**Records provided**
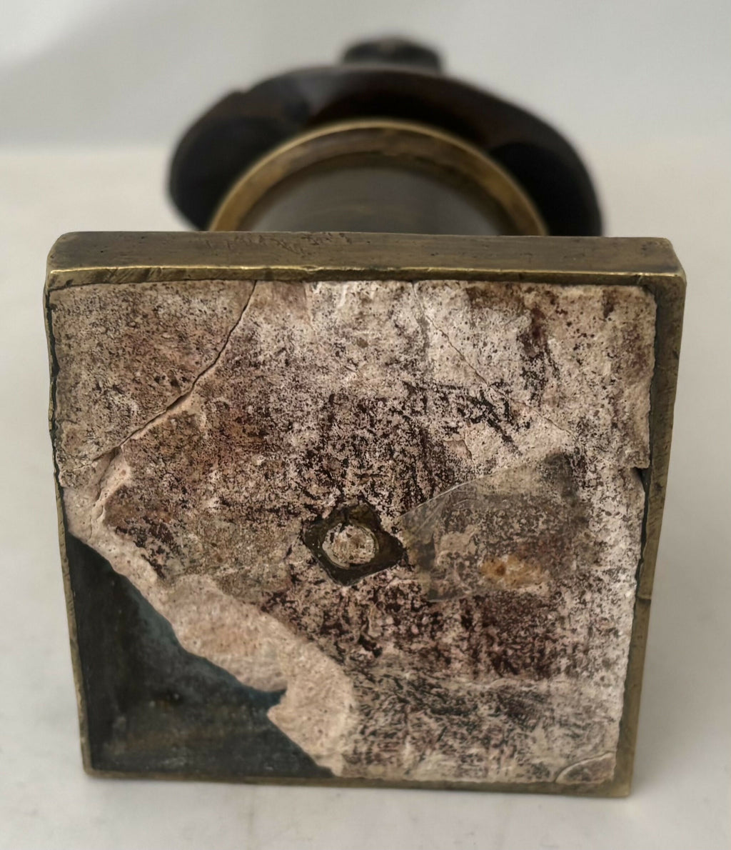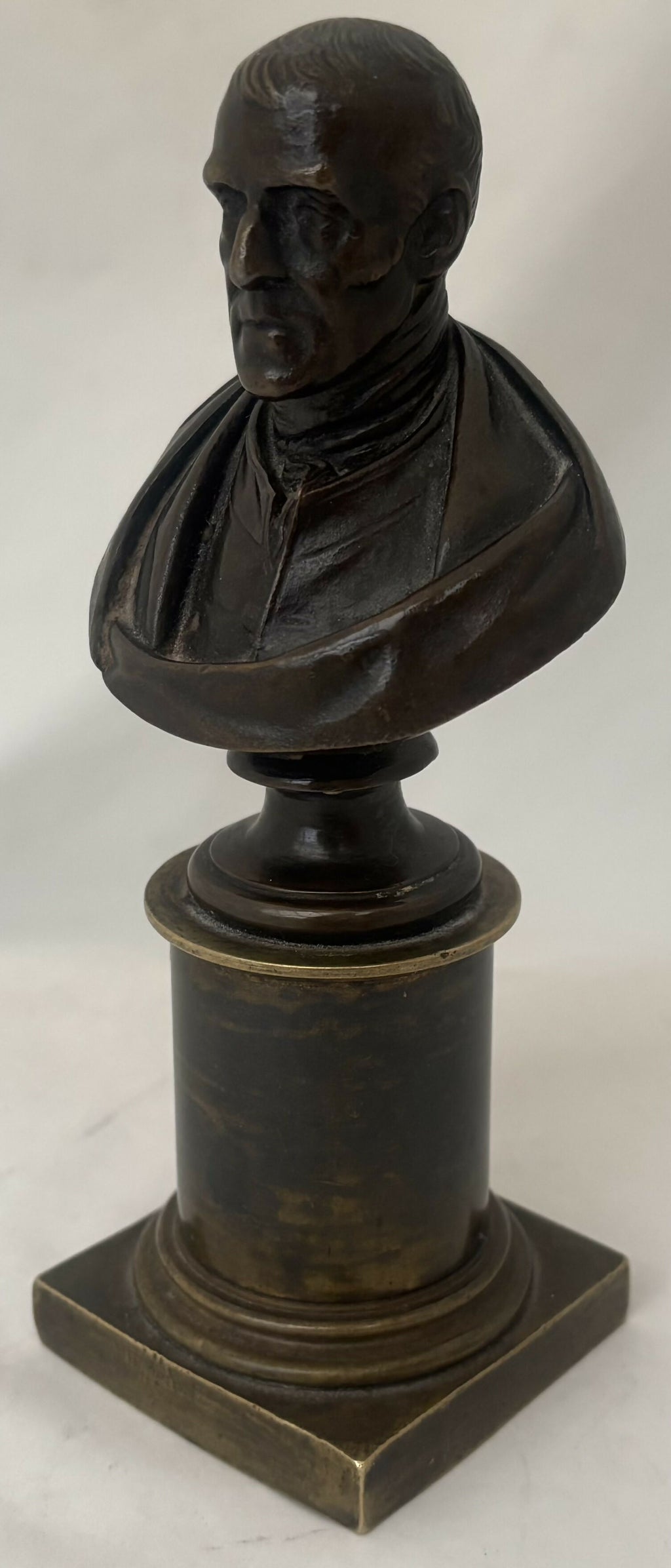 In good patinated condition. The base covering and some of the base filler missing, as per the photo. The cylindrical and square base are brass, while the bust is bronze.
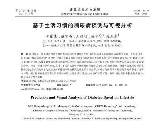 [1]母东生.基于生活习惯的糖尿病预测与可视分析[J].计算机技术与发展,2021
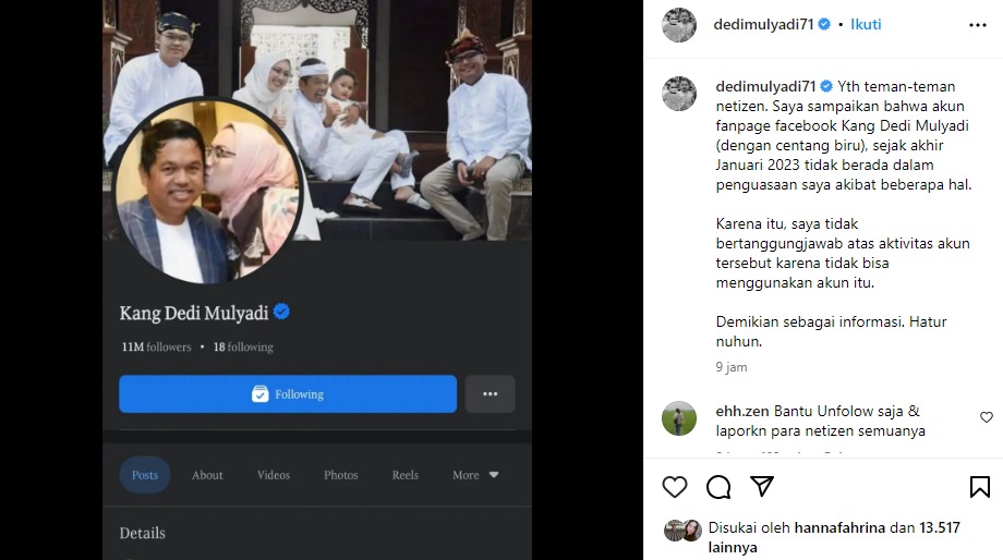 “Yth teman-teman netizen. Saya sampaikan bahwa akun fanpage facebook Kang Dedi Mulyadi (dengan centang biru), sejak akhir Januari 2023 tidak berada dalam penguasaan saya akibat beberapa hal.”
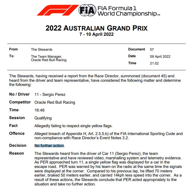 Durante la Q2 y mientras el mexicano Checo Pérez encaraba la curva 11 del circuito de Albert Park ondeaba la bandera amarilla, en ese momento se pensó que el azteca había mantenido su ritmo a pesar de la aparición de la señal de advertencia; sin embargo, la investigación demostró todo lo contrario.
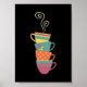 Farbenfrohe gestapelte Tee-/Kaffeebecher, dampfend Poster

**What to produce**
Without the pictures, give every line above again exactly.

**Exercise output**
 In good patinated condition. The base covering and some of the base filler missing, as per the photo. The cylindrical and square base are brass, while the bust is bronze.
 [1]母东生.基于生活习惯的糖尿病预测与可视分析[J].计算机技术与发展,2021
 “Yth teman-teman netizen. Saya sampaikan bahwa akun fanpage facebook Kang Dedi Mulyadi (dengan centang biru), sejak akhir Januari 2023 tidak berada dalam penguasaan saya akibat beberapa hal.”
 Durante la Q2 y mientras el mexicano Checo Pérez encaraba la curva 11 del circuito de Albert Park ondeaba la bandera amarilla, en ese momento se pensó que el azteca había mantenido su ritmo a pesar de la aparición de la señal de advertencia; sin embargo, la investigación demostró todo lo contrario.
 Farbenfrohe gestapelte Tee-/Kaffeebecher, dampfend Poster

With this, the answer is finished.